--- START ---

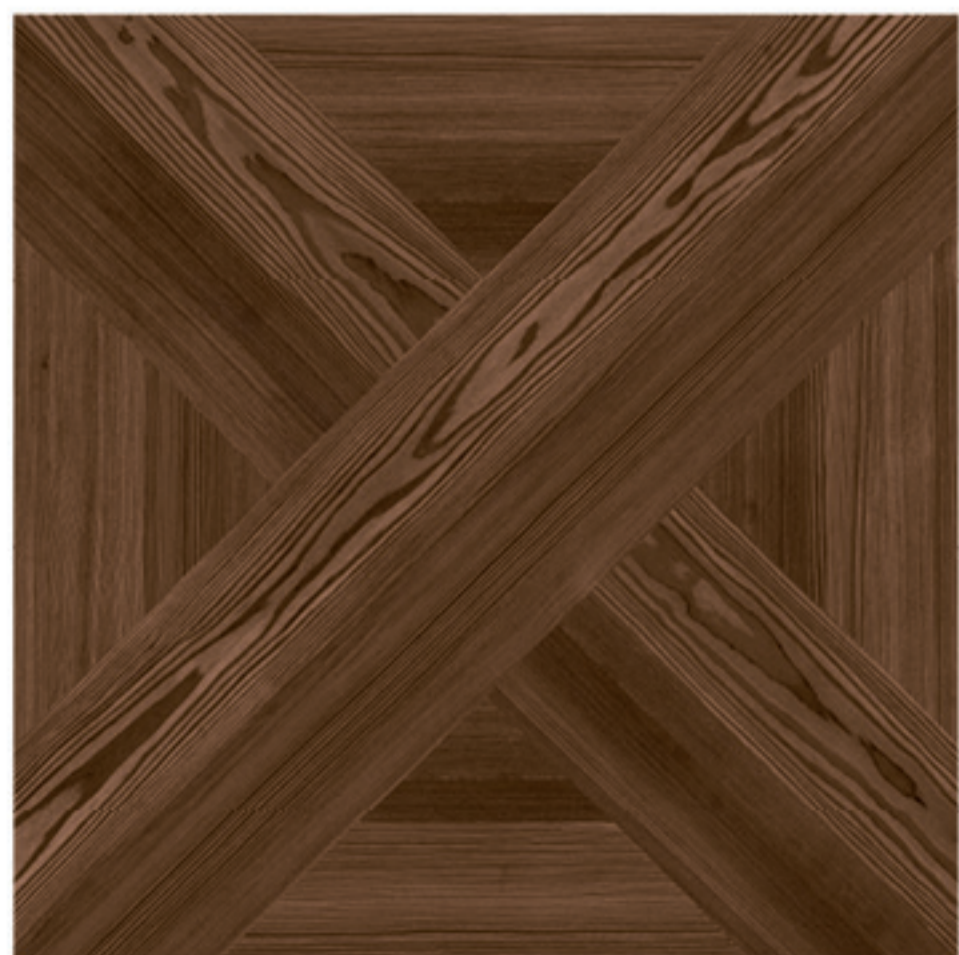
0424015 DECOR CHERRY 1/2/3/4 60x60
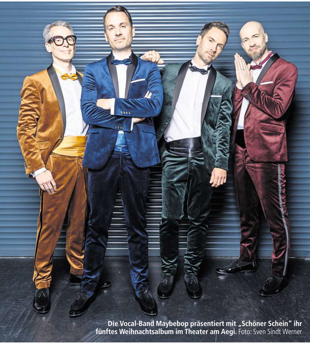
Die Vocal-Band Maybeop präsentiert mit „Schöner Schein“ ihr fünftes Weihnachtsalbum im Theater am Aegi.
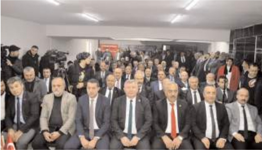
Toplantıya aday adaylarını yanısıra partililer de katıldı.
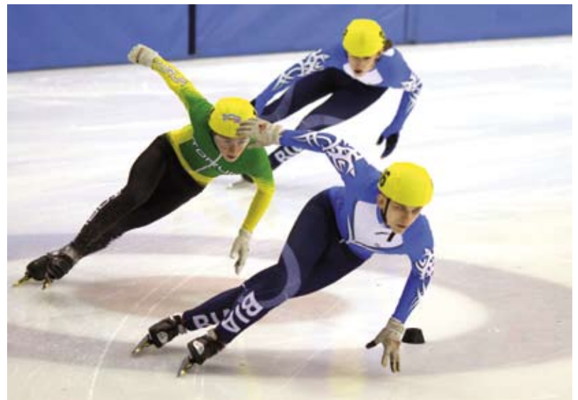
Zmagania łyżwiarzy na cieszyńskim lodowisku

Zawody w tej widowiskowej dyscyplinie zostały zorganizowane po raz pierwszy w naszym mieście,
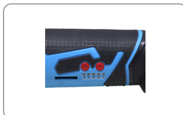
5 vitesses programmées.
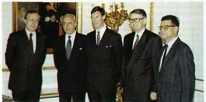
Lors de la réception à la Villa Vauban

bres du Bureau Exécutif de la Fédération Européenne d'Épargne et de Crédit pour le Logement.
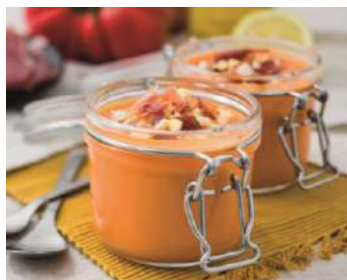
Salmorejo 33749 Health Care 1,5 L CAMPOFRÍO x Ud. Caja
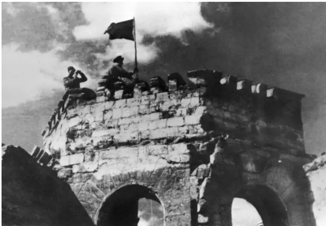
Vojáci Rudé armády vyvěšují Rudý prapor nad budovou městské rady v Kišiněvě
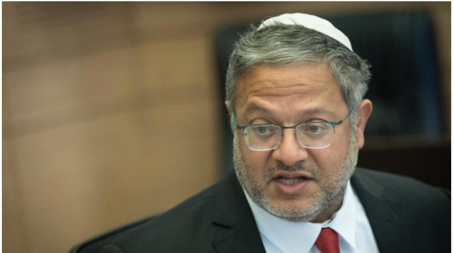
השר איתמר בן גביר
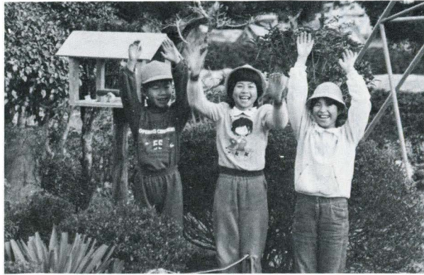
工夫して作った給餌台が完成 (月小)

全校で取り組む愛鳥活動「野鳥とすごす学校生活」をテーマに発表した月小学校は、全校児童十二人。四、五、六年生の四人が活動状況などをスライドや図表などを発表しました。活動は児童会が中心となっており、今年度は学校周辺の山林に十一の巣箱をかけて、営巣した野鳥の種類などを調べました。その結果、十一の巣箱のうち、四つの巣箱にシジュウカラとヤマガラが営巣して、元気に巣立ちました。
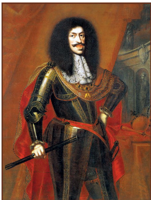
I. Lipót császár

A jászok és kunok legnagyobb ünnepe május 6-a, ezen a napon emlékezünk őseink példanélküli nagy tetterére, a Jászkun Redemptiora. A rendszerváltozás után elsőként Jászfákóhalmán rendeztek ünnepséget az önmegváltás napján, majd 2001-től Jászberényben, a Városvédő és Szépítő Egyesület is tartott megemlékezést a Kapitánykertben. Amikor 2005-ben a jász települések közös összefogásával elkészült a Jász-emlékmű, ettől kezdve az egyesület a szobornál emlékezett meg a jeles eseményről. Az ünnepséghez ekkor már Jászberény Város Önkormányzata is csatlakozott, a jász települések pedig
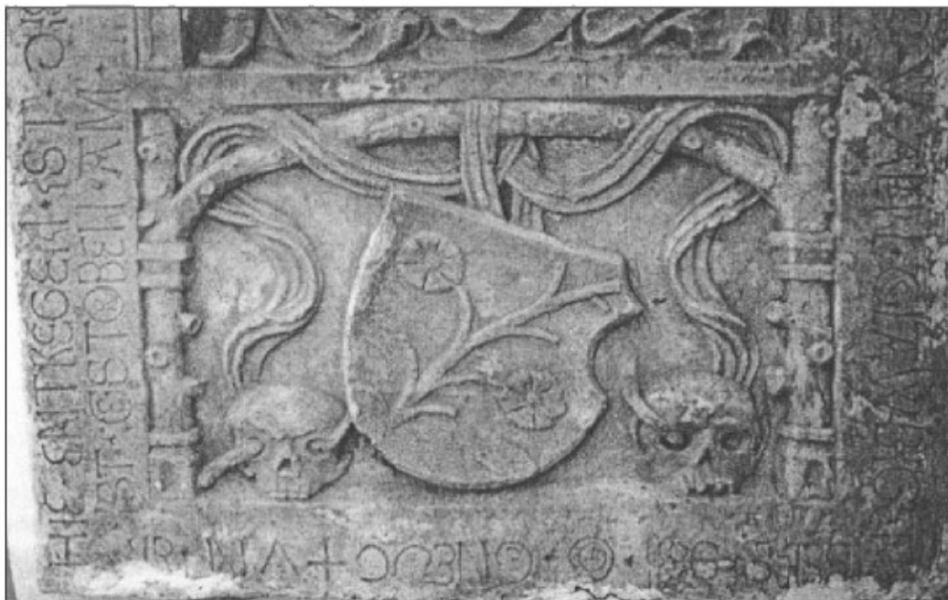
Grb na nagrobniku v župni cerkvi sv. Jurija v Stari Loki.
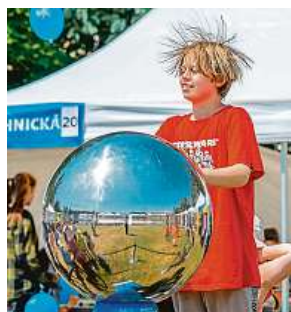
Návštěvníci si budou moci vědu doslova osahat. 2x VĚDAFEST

--- END ---
--- START ---

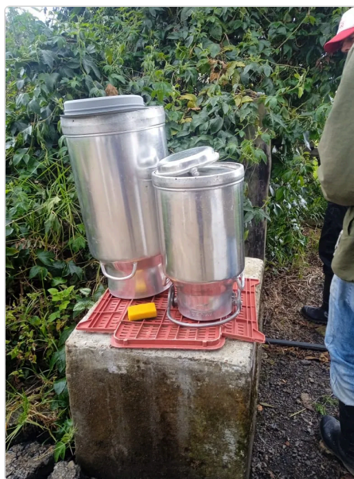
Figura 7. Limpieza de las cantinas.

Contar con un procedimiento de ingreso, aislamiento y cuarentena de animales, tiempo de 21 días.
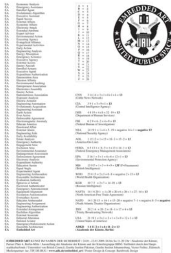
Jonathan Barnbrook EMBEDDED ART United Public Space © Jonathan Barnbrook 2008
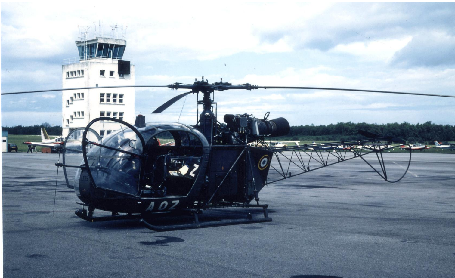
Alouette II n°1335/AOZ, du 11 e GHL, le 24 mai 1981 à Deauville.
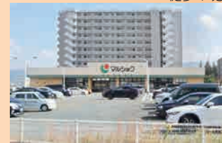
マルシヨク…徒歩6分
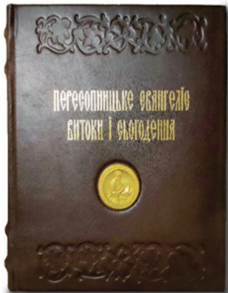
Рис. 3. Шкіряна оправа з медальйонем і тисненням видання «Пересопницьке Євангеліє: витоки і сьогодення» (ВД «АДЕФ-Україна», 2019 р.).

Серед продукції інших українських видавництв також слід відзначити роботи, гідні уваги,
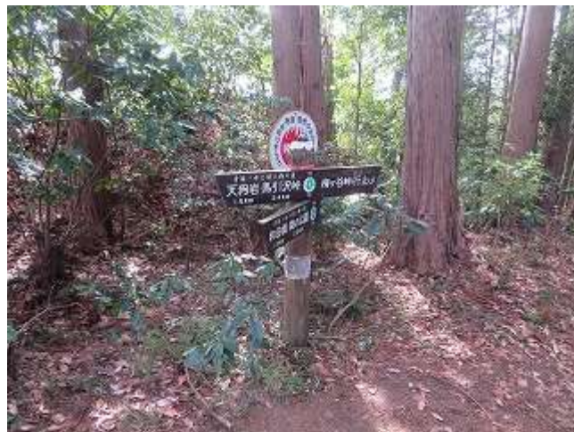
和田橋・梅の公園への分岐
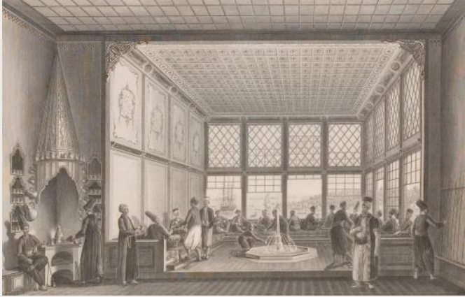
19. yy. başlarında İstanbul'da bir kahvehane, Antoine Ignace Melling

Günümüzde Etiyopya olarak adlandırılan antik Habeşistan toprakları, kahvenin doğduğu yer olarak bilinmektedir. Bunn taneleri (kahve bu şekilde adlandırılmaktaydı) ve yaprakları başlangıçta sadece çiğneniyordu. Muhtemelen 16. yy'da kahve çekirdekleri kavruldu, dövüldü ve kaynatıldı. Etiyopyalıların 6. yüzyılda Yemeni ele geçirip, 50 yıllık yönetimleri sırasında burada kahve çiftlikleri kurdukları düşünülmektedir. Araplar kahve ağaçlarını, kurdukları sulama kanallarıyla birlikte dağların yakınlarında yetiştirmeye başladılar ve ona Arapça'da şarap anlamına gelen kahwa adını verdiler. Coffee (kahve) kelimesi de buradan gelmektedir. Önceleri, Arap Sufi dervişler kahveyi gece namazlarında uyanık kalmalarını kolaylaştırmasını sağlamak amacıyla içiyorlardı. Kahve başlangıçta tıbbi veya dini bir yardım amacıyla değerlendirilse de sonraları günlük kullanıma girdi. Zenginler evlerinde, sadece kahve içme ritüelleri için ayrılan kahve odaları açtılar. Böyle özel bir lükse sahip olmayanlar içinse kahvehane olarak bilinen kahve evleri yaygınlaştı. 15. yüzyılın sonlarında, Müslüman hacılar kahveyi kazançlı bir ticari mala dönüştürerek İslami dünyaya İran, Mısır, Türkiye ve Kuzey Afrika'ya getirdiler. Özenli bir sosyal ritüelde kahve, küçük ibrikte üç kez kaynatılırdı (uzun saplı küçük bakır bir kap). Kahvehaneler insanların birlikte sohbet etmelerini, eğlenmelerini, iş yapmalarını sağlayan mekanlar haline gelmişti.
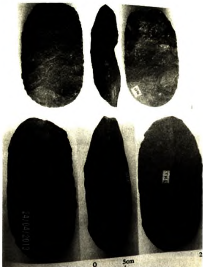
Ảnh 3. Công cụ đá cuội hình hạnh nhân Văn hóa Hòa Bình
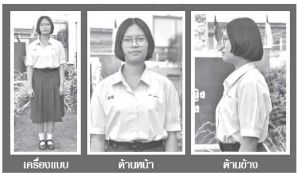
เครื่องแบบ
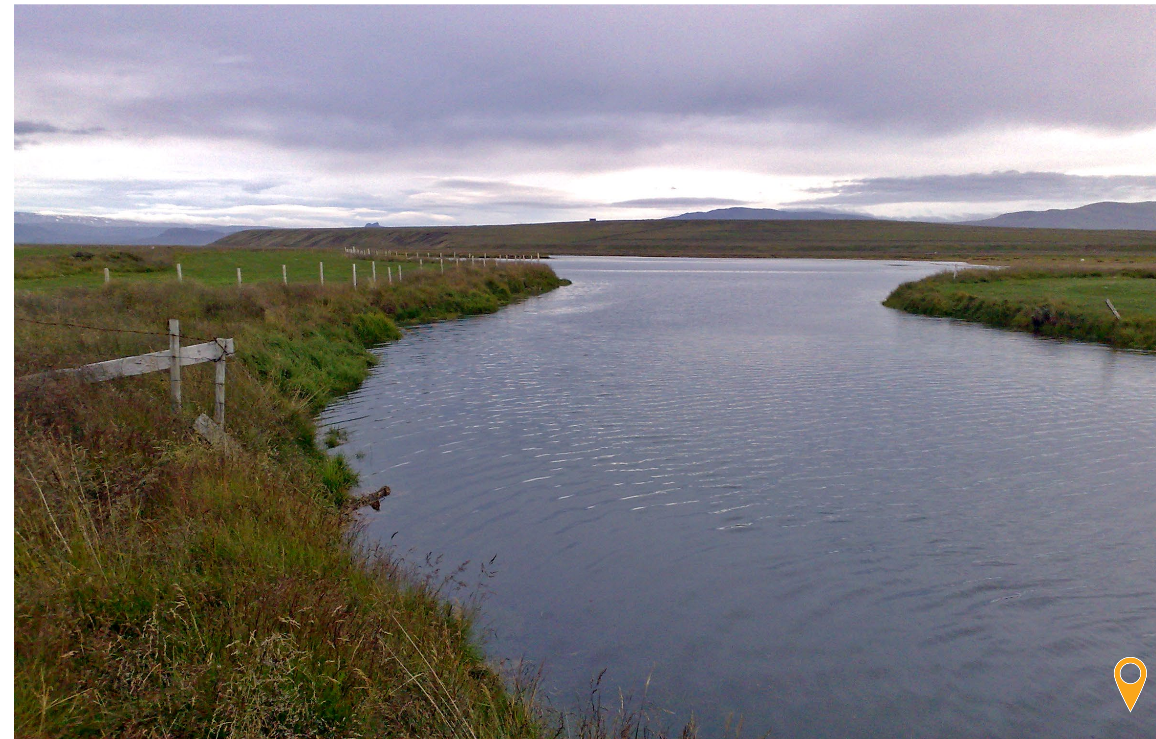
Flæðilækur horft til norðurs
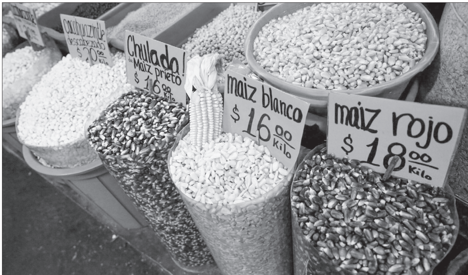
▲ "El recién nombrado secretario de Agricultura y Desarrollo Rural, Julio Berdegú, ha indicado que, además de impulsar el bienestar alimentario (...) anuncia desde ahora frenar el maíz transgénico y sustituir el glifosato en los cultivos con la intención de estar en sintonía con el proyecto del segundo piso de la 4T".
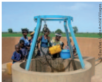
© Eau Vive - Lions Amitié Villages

--- END ---
--- START ---

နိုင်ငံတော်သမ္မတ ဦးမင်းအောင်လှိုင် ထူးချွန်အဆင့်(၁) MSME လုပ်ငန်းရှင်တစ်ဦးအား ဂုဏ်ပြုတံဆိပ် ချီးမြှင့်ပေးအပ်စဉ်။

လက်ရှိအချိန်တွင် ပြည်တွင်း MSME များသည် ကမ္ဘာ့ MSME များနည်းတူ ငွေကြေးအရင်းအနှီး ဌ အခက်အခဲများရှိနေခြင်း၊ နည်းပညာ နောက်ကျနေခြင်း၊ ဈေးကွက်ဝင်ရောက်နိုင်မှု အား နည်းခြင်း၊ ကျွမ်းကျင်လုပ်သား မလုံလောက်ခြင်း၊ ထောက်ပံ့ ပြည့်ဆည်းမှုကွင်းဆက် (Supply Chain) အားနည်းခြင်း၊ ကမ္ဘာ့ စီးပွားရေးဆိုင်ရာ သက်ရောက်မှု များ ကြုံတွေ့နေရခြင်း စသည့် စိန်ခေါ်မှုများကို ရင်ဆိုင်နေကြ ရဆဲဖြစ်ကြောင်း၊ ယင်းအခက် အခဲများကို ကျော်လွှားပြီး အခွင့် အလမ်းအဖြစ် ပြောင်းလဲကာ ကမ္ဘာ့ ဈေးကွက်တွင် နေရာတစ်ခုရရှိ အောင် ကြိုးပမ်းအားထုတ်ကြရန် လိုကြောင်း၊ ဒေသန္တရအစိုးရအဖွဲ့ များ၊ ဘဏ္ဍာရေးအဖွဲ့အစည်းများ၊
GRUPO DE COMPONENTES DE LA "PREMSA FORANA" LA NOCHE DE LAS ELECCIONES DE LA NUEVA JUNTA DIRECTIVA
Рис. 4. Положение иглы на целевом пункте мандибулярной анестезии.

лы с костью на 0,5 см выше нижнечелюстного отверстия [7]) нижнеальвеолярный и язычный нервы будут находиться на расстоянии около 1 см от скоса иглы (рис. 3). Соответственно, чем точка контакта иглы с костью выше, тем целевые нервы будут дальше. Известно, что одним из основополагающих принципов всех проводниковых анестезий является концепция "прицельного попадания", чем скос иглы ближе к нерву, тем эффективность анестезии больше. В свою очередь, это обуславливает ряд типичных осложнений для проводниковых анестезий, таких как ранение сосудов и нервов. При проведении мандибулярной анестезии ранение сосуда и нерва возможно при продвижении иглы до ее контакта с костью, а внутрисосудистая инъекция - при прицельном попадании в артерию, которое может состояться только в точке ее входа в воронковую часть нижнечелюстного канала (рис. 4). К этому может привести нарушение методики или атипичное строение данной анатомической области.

--- END ---

Between and including the line above that contains "0424015 DECOR CHERRY 1/2/3/4 60x60" and the line that contains "Vojáci Rudé armády", restate every line word for word. Pictures stay out.

0424015 DECOR CHERRY 1/2/3/4 60x60
Die Vocal-Band Maybeop präsentiert mit „Schöner Schein“ ihr fünftes Weihnachtsalbum im Theater am Aegi.
Toplantıya aday adaylarını yanısıra partililer de katıldı.
Zmagania łyżwiarzy na cieszyńskim lodowisku

Zawody w tej widowiskowej dyscyplinie zostały zorganizowane po raz pierwszy w naszym mieście,
5 vitesses programmées.
Lors de la réception à la Villa Vauban

bres du Bureau Exécutif de la Fédération Européenne d'Épargne et de Crédit pour le Logement.
Salmorejo 33749 Health Care 1,5 L CAMPOFRÍO x Ud. Caja
Vojáci Rudé armády vyvěšují Rudý prapor nad budovou městské rady v Kišiněvě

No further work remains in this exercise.